Required action —
Output exactly, in the material below, the lines from the one with "Dinette Bed, Glass" through the one with "Automatisk kaffemaskine med". Omit all pictures.

Extracted material —
▬▬▬▬▬▬▬▬▬▬

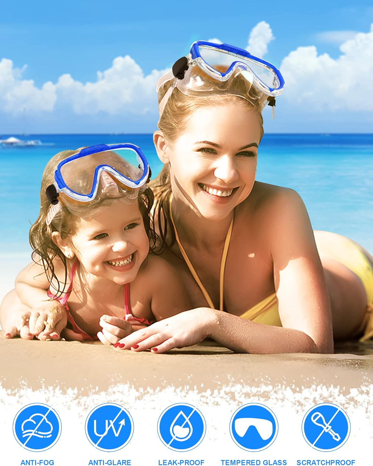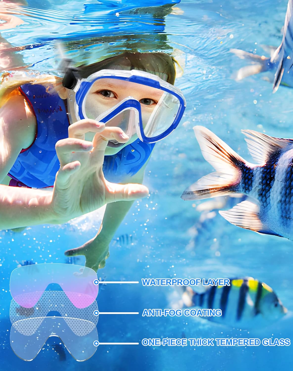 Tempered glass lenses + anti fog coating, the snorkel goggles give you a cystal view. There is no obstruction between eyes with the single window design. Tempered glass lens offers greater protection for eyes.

▬▬▬▬▬▬▬▬▬▬

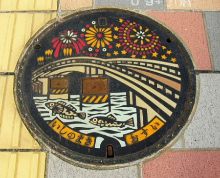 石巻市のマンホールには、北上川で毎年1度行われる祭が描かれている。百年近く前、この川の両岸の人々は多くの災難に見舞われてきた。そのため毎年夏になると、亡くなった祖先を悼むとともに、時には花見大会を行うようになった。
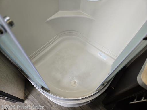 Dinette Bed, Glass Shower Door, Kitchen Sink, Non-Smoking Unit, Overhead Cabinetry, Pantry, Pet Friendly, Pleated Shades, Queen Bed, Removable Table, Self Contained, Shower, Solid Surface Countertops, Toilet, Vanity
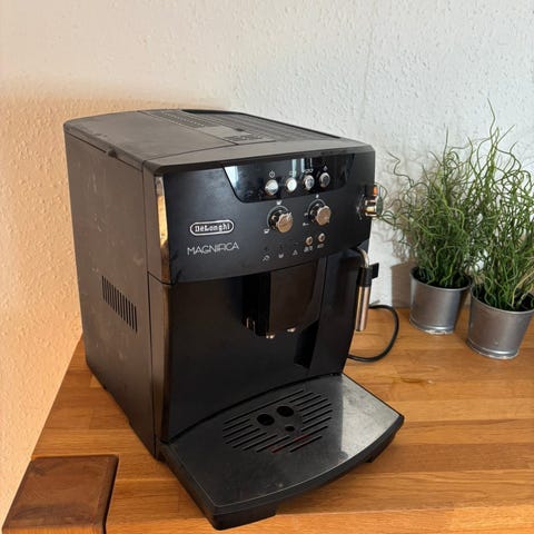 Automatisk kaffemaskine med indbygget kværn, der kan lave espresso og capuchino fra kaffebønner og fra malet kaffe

▬▬▬▬▬▬▬▬▬▬

Problem solution —
 Dinette Bed, Glass Shower Door, Kitchen Sink, Non-Smoking Unit, Overhead Cabinetry, Pantry, Pet Friendly, Pleated Shades, Queen Bed, Removable Table, Self Contained, Shower, Solid Surface Countertops, Toilet, Vanity
 Automatisk kaffemaskine med indbygget kværn, der kan lave espresso og capuchino fra kaffebønner og fra malet kaffe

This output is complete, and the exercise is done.